United States District Court, W.D. Wisconsin

July 18, 2019

THOMAS J. GOOD, Plaintiff,



         Plaintiff Thomas J. Good is proceeding on claims under the Fourth Amendment that City of Beloit police officers Nathan Adams and Greg Cisneros subjected him to a forced and unwanted blood draw in violation of his Fourth Amendment rights. He also contends that the City of Beloit enacted policies or practices that caused the constitutional violation.

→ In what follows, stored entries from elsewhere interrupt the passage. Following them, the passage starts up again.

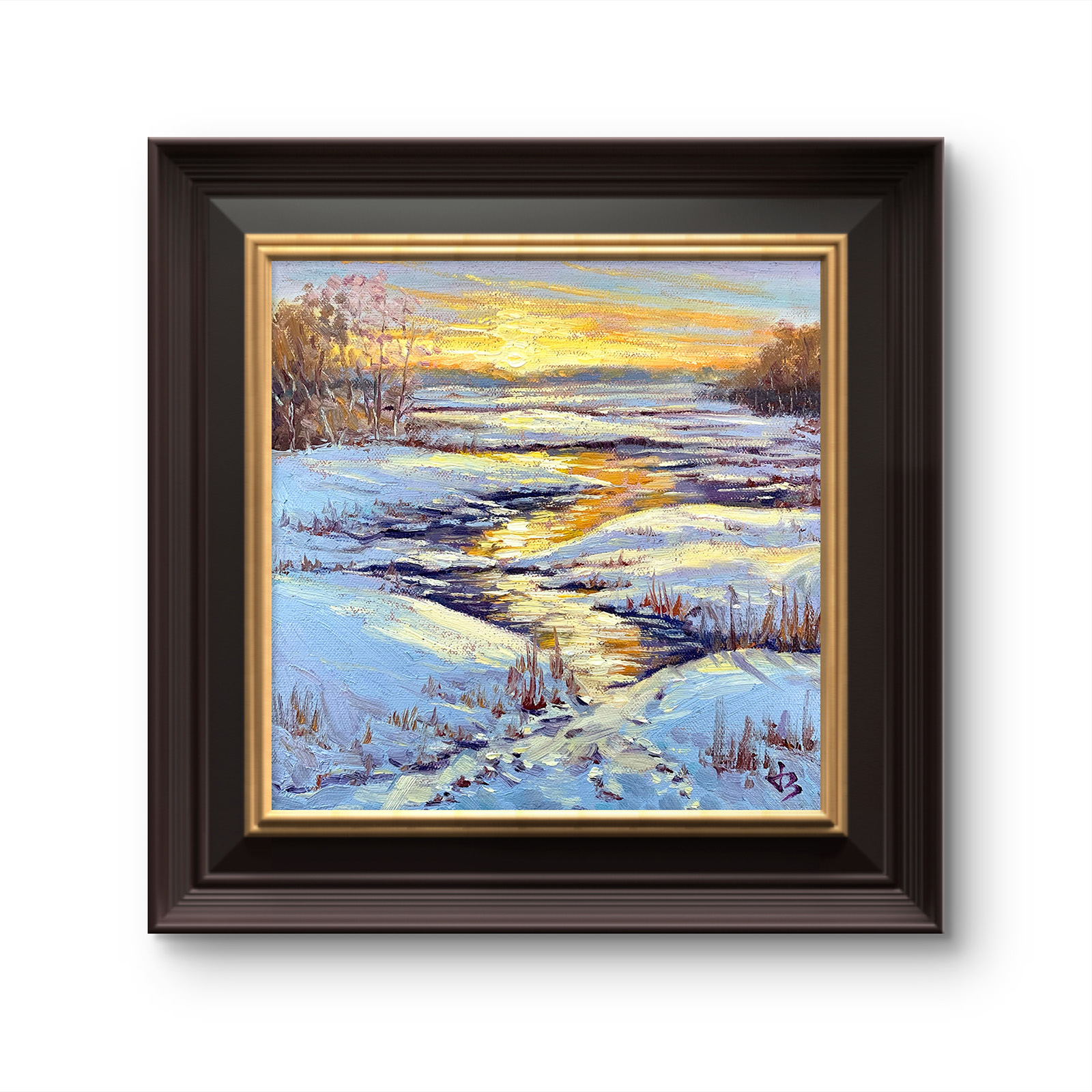 Each brushstroke holds the balance of contrast — cool violets against glowing amber, stillness meeting light. The frozen stream gleams softly, echoing the calm of dusk.
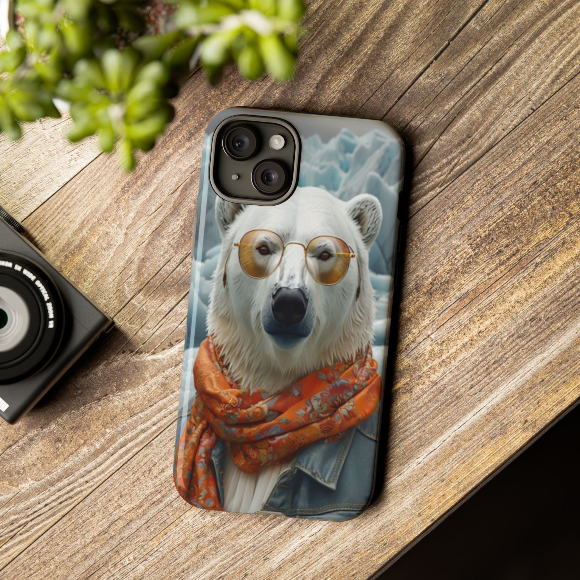 Meet your new favorite accessory: a stylish and protective phone case that seamlessly blends functionality with whimsical design. This phone case features a unique illustration of a fashionable polar bear, exuding charm and personality. Perfect for animal lovers and those with a quirky sense of style, this case adds a playful touch to your everyday carry. Not only is it visually striking, but it's also built to withstand the rigors of daily life, protecting your phone from drops and scratches. Ideal for gifting on birthdays, holidays, or any occasion where you want to brighten someone’s day. Its vibe is both fun and functional, making your phone stand out while ensuring it stays safe. Whether you're cozying up at a winter gathering or exploring the outdoors, this phone case is a conversation starter and a stylish companion.
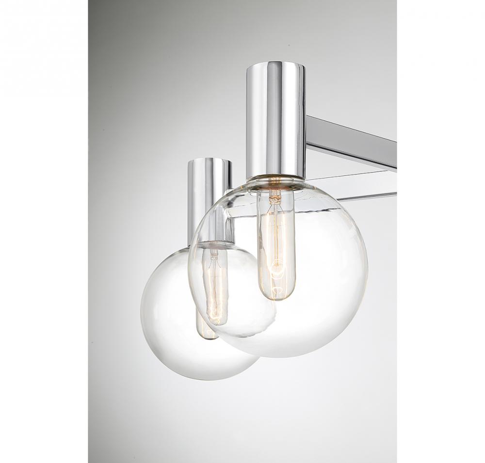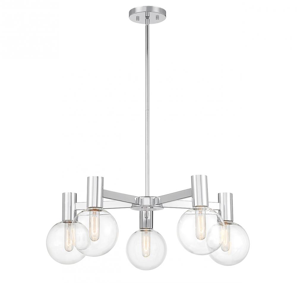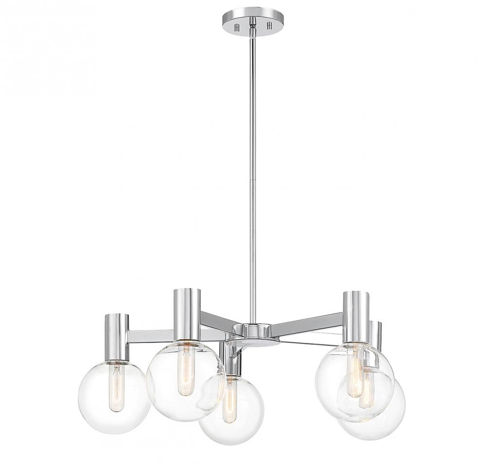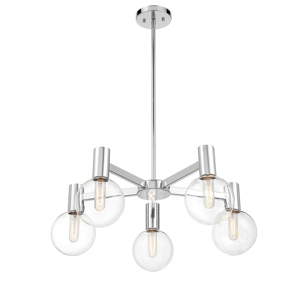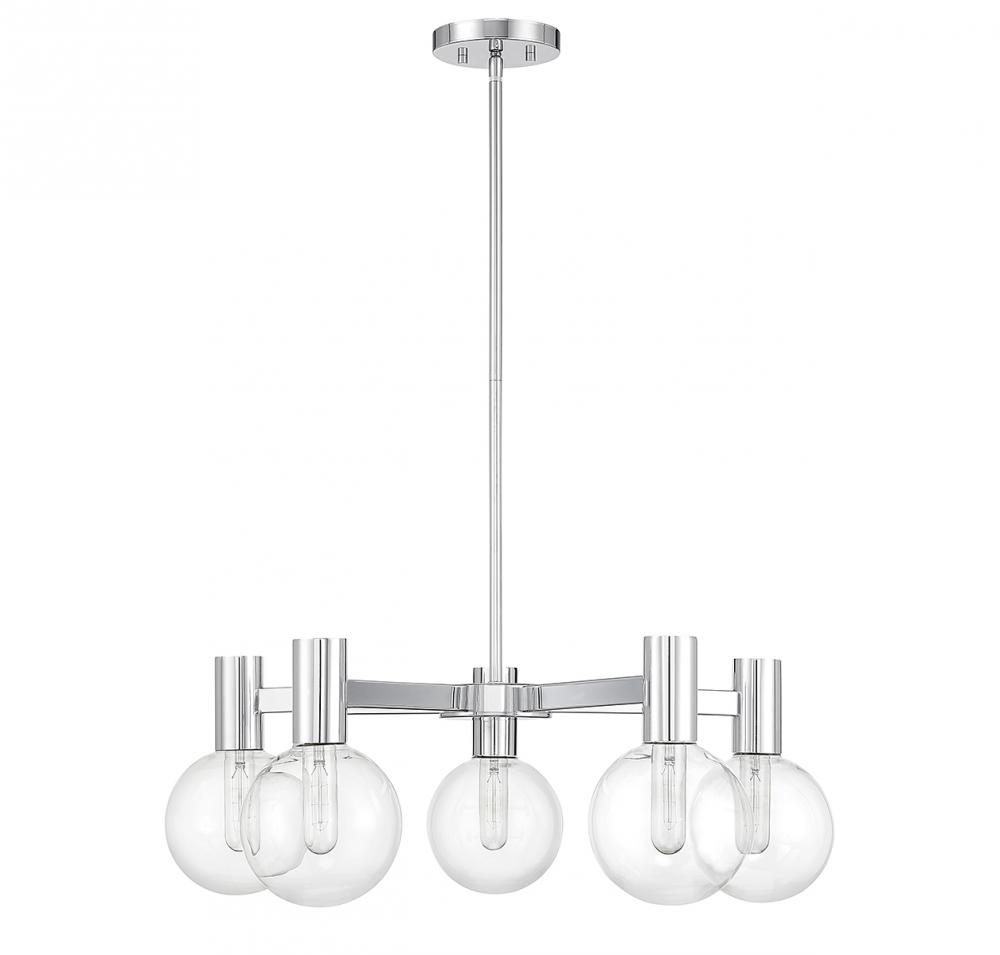 This Savoy House Wright 5-light chandelier showcases streamlined style that makes it ideal for any space. Round clear glass shades add an extra dimension and extra protection for the light bulbs within. Chrome finish. Wright is 28" in width and has an adjustable height ranging from 10.5" to 64". Comes with four 12" downrods and one 6" downrod. Uses 5 standard size bulbs of up to 60 watts per bulb (bulbs not included). We recommend using tubular shaped bulbs.
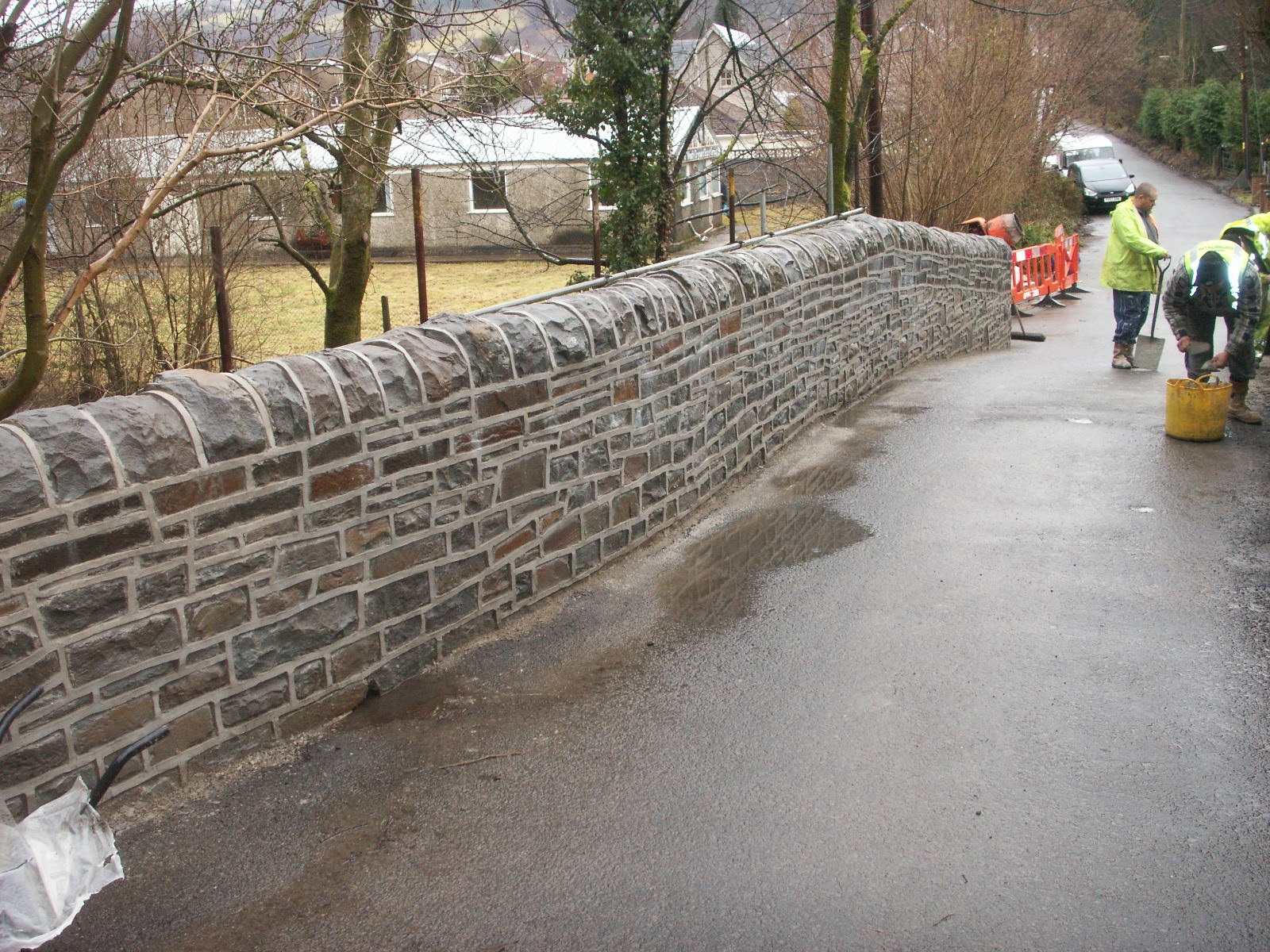 This natural stone bridge with 480mm thick masonry parapet walls carries the Maes Mawr Road over the Dulais waterway and has a 10.57m span with a 3.9m central rise. The carriageway cover on the arch of the crown, including surfacing, is 100mm.
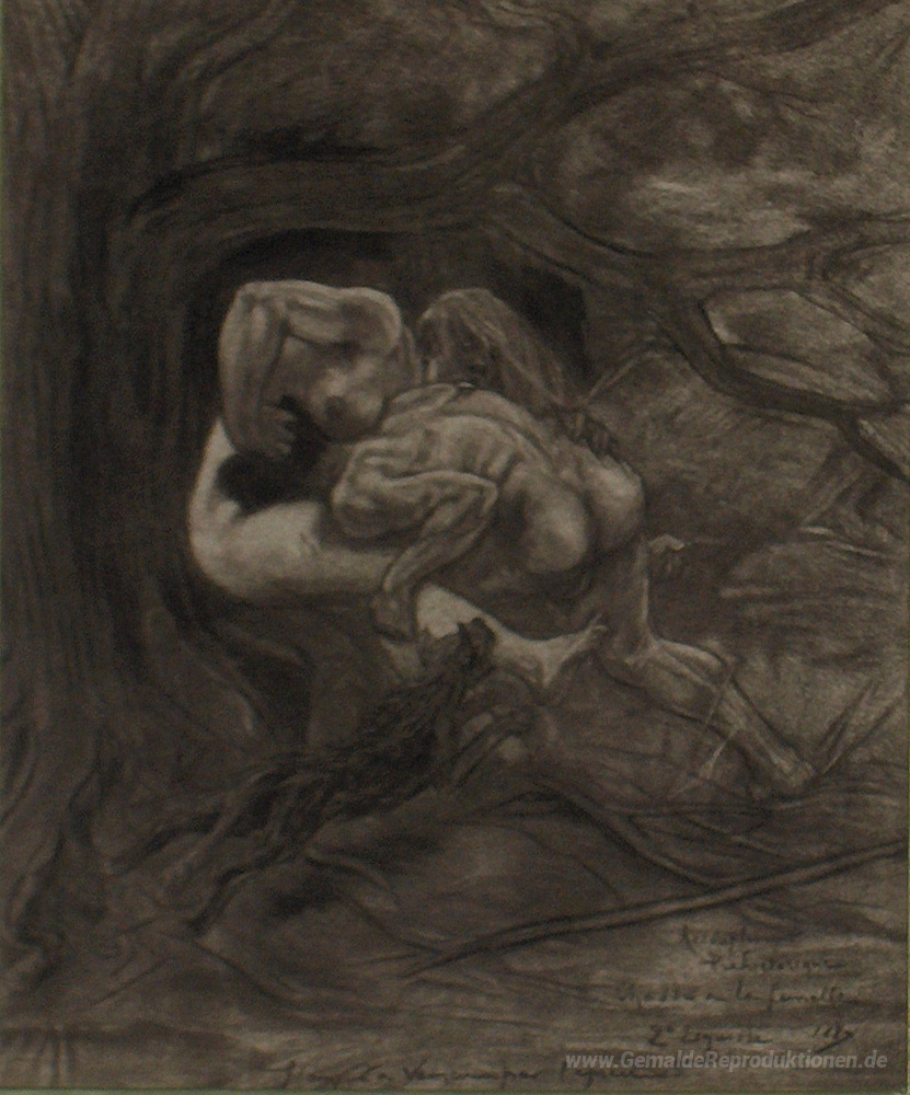 Wir bieten Ihnen eine handgefertigte Reproduktion auf Leinwand des berühmten Kunstwerks 'Die Prähistorische Paarung oder der Jagd nach dem Femal' von Felicien Rops, aus dem Reproduktionsmuseum.

         The parties' cross motions for summary judgment are before the court. Defendants contend that the blood draw was lawful because plaintiff consented to it and because exigent circumstances justified it. They also contend that they are entitled to qualified immunity and that plaintiff cannot point to any City of Beloit policy or practice that caused any constitutional violation. Dkt. #18. Plaintiff contends that he is entitled to partial summary judgment with respect to liability against defendants Adams and Cisneros. Dkt. #17. Because I conclude that there are genuine disputes of material fact regarding whether plaintiff consented to the blood draw, whether there were exigent circumstances and whether the City of Beloit's policies caused a constitutional violation, I am denying the motions.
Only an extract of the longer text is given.